Assignment:
Of the lines below, report only those that contain "velký".

------------------------

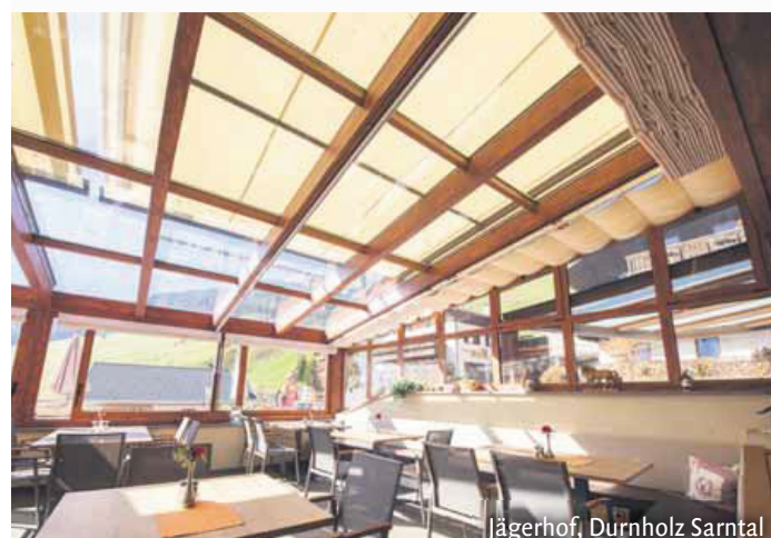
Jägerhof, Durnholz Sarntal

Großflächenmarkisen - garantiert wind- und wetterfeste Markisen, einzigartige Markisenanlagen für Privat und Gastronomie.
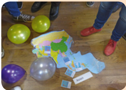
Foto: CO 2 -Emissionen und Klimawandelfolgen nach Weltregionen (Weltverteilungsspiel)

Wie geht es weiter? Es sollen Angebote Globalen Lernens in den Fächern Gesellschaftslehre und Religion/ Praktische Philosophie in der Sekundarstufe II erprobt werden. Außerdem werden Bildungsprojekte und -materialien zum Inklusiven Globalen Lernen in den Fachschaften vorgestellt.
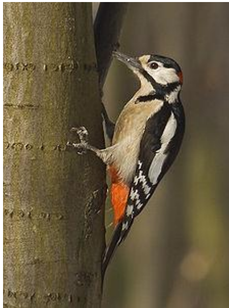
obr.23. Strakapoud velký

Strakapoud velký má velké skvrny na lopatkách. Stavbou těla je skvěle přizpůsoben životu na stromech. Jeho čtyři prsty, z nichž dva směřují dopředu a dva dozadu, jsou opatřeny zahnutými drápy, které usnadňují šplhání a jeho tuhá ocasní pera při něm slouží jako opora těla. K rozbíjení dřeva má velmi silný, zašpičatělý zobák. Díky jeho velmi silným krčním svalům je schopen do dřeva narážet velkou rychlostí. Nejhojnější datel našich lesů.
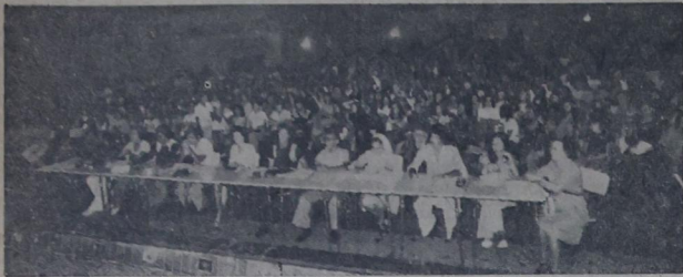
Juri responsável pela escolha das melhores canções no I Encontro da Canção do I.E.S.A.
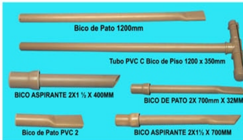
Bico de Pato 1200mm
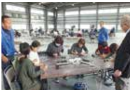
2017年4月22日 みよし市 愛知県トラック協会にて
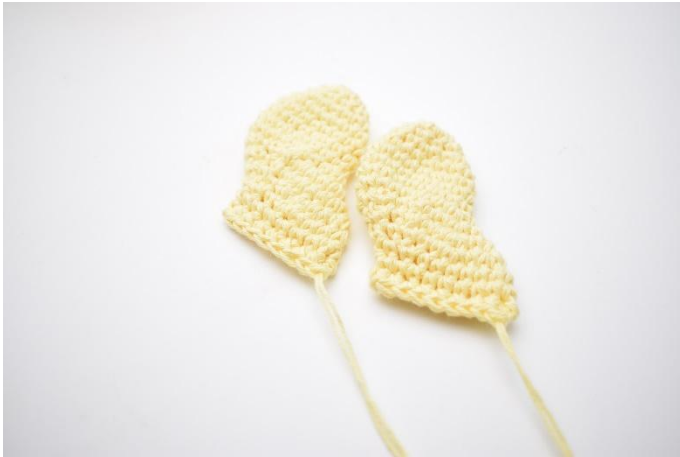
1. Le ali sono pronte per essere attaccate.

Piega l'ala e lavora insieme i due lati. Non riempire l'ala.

------------------------

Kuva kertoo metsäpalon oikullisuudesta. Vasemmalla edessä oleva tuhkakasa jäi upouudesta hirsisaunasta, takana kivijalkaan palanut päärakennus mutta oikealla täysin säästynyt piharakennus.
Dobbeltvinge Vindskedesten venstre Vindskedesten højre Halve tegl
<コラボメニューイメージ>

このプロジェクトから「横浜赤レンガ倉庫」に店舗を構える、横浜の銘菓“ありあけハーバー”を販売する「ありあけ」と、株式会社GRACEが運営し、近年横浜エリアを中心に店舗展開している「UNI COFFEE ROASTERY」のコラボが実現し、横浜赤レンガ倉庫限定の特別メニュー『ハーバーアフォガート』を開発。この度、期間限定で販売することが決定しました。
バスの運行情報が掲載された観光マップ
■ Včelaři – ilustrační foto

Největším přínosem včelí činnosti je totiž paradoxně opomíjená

------------------------

The completed task:
obr.23. Strakapoud velký
Strakapoud velký má velké skvrny na lopatkách. Stavbou těla je skvěle přizpůsoben životu na stromech. Jeho čtyři prsty, z nichž dva směřují dopředu a dva dozadu, jsou opatřeny zahnutými drápy, které usnadňují šplhání a jeho tuhá ocasní pera při něm slouží jako opora těla. K rozbíjení dřeva má velmi silný, zašpičatělý zobák. Díky jeho velmi silným krčním svalům je schopen do dřeva narážet velkou rychlostí. Nejhojnější datel našich lesů.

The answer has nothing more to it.